## Stored items from a collection
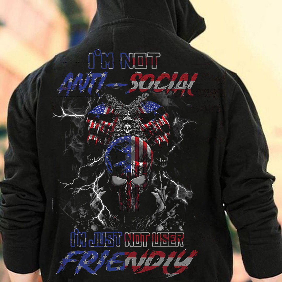 I'm Not Anti-social Skull American Flag Print Men's Hoodies Print Men's Hoodies
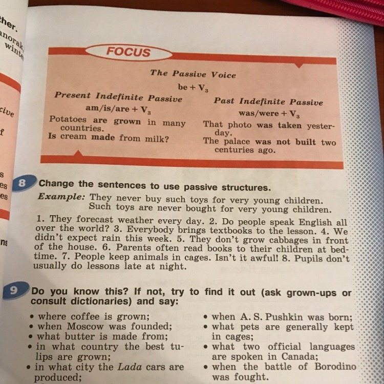 Измените предложения на использование пассивных структур Пример: они никогда не покупают такие игрушки для маленьких детей. Такие игрушки никогда не покупаются для очень маленьких детей. 1. Они прогнозируют погоду каждый день. 2. Говорят ли люди по-английски во всем мире? 3. Все приносят учебники на урок. 4. На этой неделе мы не ожидали дождя. 5. Они не выращивают капусту перед домом. 6. Родители часто читают книги своим детям в постели - обычно делают уроки поздно ночью.
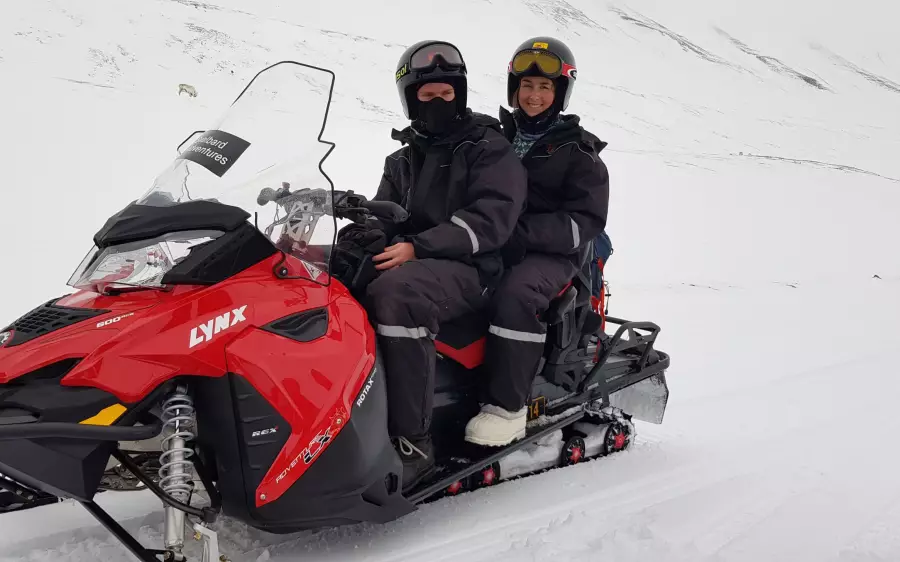 Linjen Villmark - vann og snø drar også til Svalbard som bader i midnattsol. Du kjører selv snøscooteren på snøscootersafari med guider. Turen går gjennom en magisk villmark med reinsdyr og fugleliv og en og annen isbjørn. Fantastik opplevelse!
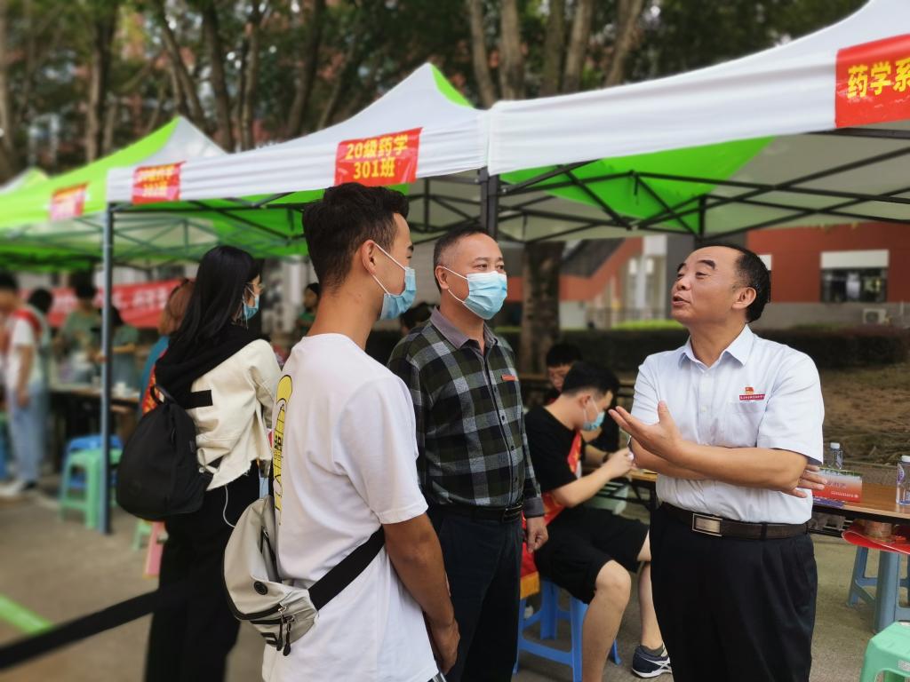 根據疫情防控的要求,新生家長及陪同人員不得進入校區內,藥學系團總支組織了300多名青年志愿者熱情地組織新生有序入場辦理報到手續、幫助新生搬運行李至宿舍。學院紀委游鋒書記、藥學系黨總支鄭力宏書記、肖健副主任、李泳寧副主任、黨總支賴文金副書記和新生班輔導員一同走訪迎新點和2020級新生宿舍,他們詳細詢問新生報到情況,并與新生親切交談,為新生介紹學校和系部情況,耐心地解答新生們提出的各種疑問,勉勵同學們盡快轉變角色,以嶄新的面貌投入到大學生活當中,努力做到學有所成、學有所獲。
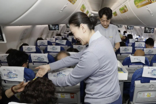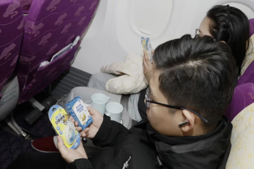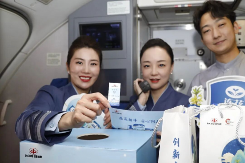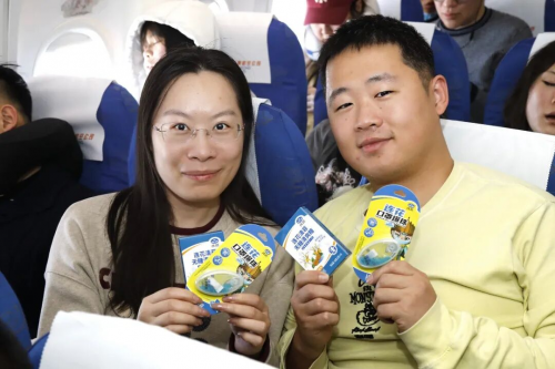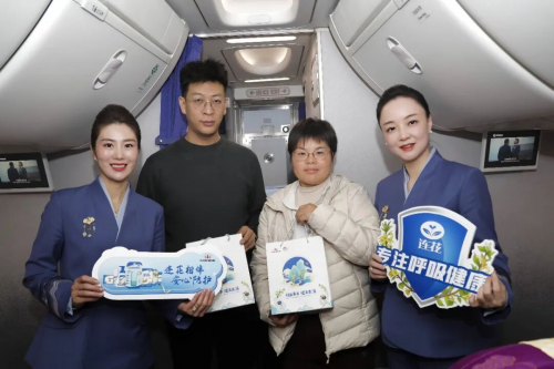 随着活动的推进,客舱内的气氛更加活跃。以座位号进行的幸运抽奖环节,将关爱升级。幸运旅客获得了以岭健康提供的 “连花呼吸健康包”,这份实用而贴心的奖品,让健康呵护得以延续至旅程的每一站。欢声笑语中,健康防护的理念也以一种轻松愉快的方式深入人心。

## What you are asked to do
Apart from the pictures, which are to be omitted, every record must be transcribed exactly.

## Result of this exercise
 I'm Not Anti-social Skull American Flag Print Men's Hoodies Print Men's Hoodies
 Измените предложения на использование пассивных структур Пример: они никогда не покупают такие игрушки для маленьких детей. Такие игрушки никогда не покупаются для очень маленьких детей. 1. Они прогнозируют погоду каждый день. 2. Говорят ли люди по-английски во всем мире? 3. Все приносят учебники на урок. 4. На этой неделе мы не ожидали дождя. 5. Они не выращивают капусту перед домом. 6. Родители часто читают книги своим детям в постели - обычно делают уроки поздно ночью.
 Linjen Villmark - vann og snø drar også til Svalbard som bader i midnattsol. Du kjører selv snøscooteren på snøscootersafari med guider. Turen går gjennom en magisk villmark med reinsdyr og fugleliv og en og annen isbjørn. Fantastik opplevelse!
 根據疫情防控的要求,新生家長及陪同人員不得進入校區內,藥學系團總支組織了300多名青年志愿者熱情地組織新生有序入場辦理報到手續、幫助新生搬運行李至宿舍。學院紀委游鋒書記、藥學系黨總支鄭力宏書記、肖健副主任、李泳寧副主任、黨總支賴文金副書記和新生班輔導員一同走訪迎新點和2020級新生宿舍,他們詳細詢問新生報到情況,并與新生親切交談,為新生介紹學校和系部情況,耐心地解答新生們提出的各種疑問,勉勵同學們盡快轉變角色,以嶄新的面貌投入到大學生活當中,努力做到學有所成、學有所獲。
 随着活动的推进,客舱内的气氛更加活跃。以座位号进行的幸运抽奖环节,将关爱升级。幸运旅客获得了以岭健康提供的 “连花呼吸健康包”,这份实用而贴心的奖品,让健康呵护得以延续至旅程的每一站。欢声笑语中,健康防护的理念也以一种轻松愉快的方式深入人心。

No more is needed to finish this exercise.